Donnerstag, den 24. September 2020

Tobias Schlegl begann seine Karriere bei VIVA. Da war er Kult, und nicht nur, weil er öfter von Oliver Kalkofe durch den Kakao gezogen worden war. Später moderierte er die NDR-Satiresendung “extra 3”, dann das ZDF-Kulturmagazin “aspekte”.
2016 zog er den Stecker. Raus aus der Medienbranche. Was Neues machen.
Er begann eine dreijährige Ausbildung zum Notfallsanitäter.
Eigentlich war nicht geplant, dass er diese Ausbildung und seinen neuen Beruf medial in irgendeiner Art und Weise ausschlachten will. Aber es kam anders. Weil er das Erlebte verarbeiten wollte und musste. Er begann ein Buch zu schreiben – und das ist nun da.

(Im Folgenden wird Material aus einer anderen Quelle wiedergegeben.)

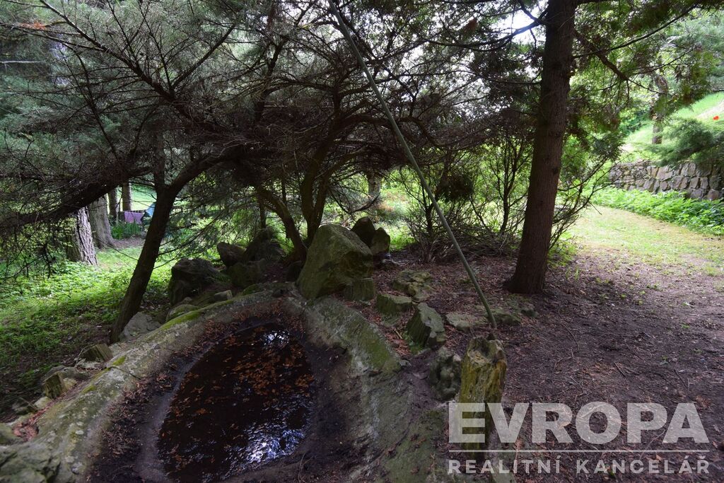 Chata stojí na terasovitém pozemku o výměře 678 m2. Na pozemku s travním porostem je mimo jehličnanů také 8 jabloní, z toho 5 starších a 3 nově vysázené. Na pozemku nalezneme i místo, kde rostou lesní jahody. Tento útulný a romantický pozemek nabízí dostatek úžasných zákoutí pro zasloužené chvíle odpočinku a relaxace, které ještě umocňuje zurčící potok tekoucí pár metrů od pozemku.

Kim war erfolgreicher Werbetexter, als er beschloss, den Job an den Nagel zu hängen. Seitdem ist er Notfallsanitäter. Doch der Stress zermürbt ihn. Die Schichten sind lang und anstrengend. Die Notfälle fordern ihn körperlich und psychisch. Nachtschichten. Überstunden. Kollegen, die einen fordern.
Er beginnt, Fehler zu machen. Er hat für nichts mehr Zeit und kann sich zu nichts mehr aufraffen. Bald verlässt ihn seine Freundin. Als sein bester Freund Benny ihn zu einer Reise ans Meer mitnimmt, könnte es ein Wendepunkt sein. Aber es wird schlimmer.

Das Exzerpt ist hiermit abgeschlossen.